Quelle bête admirable! Jamais, à Saint-Michel des Aires, ni peut-être en toutes les Cévennes méridionales, ne se rencontra âne plus fort, plus doux, plus complaisant. Il avait presque la taille d’un mulet de la plaine, et son poil long, soyeux, était d’un noir bleuâtre pareil à l’aile lustrée des corbeaux. Les oreilles, droites, semées çà et là de petites taches grisâtres, lui retombaient gracieuses, barbelées, le long des mâchoires et du col, qu’elles éventaient nonchalamment. Il possédait des yeux magnifiques, d’un brun luisant à la fois et amorti; c’étaient deux morceaux de velours qu’on venait de détacher d’une pièce neuve. Ses dents, régulièrement plantées, affichaient de haut en bas des rayures ambrées qui en rendaient l’émail plus éclatant. Avez-vous vu quelqu’une de ces grandes coquilles comme les marchands ambulants, venus des bords de la mer, en montrent pour les vendre dans nos montagnes? Mon oncle en étalait deux sur la cheminée de son salon. La bouche profonde de Baptiste avait le même ton rose-tendre, avec le même air de fraîcheur et les mêmes miroitements.

Devinant que j’allais à lui, l’âne cessa de battre le pré; il s’avança vers moi à petits bonds.

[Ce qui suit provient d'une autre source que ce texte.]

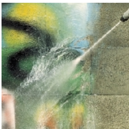
Lavagem com água sob pressão

Les bêtes, dans la jeunesse – Baptiste avait à peine cinq ans – sont de véritables enfants; elles recherchent les enfants pour courir avec eux, folâtrer avec eux, jouer avec eux. L’enfance a le privilége de certaines folies innocentes, et ce privilége, parcourant l’échelle des êtres, engendre dans toute la création de touchantes affinités.

Je m’agrippai à la crinière de Baptiste et lui grimpai sur le dos. Il partit au galop avec des reniflements joyeux.

Comme c’était bon d’aller ainsi à travers les grandes herbes qui frôlaient le ventre de ma bête, où disparaissaient mes pieds pendants! Des hautes ramures des châtaigniers tombaient sur nous de larges nappes d’ombre. Plus loin, le soleil allumait, semblables à des clartés jaunes, rouges, bleues, toutes les fleurettes du gazon. Nous ne nous occupions pas de ces contrastes. Nous allions à travers l’ombre, à travers le soleil, ne songeant qu’à rire, qu’à nous amuser; car, tandis que Baptiste s’emportait davantage en son élan insensé, moi je riais aux éclats, le talonnant, le pinçant, lui parlant ainsi qu’à une personne humaine, et le caressant des deux mains à l’envi.

Barnabé, couché comme un ours sous les chênes verts, se leva. Un sifflement suraigu retentit. Ma bête, emportée, s’arrêta court.

– Descends! me cria le Frère.

Je descendis.

– Tu as de l’encre, je crois? me dit l’ermite, qui s’était rapproché.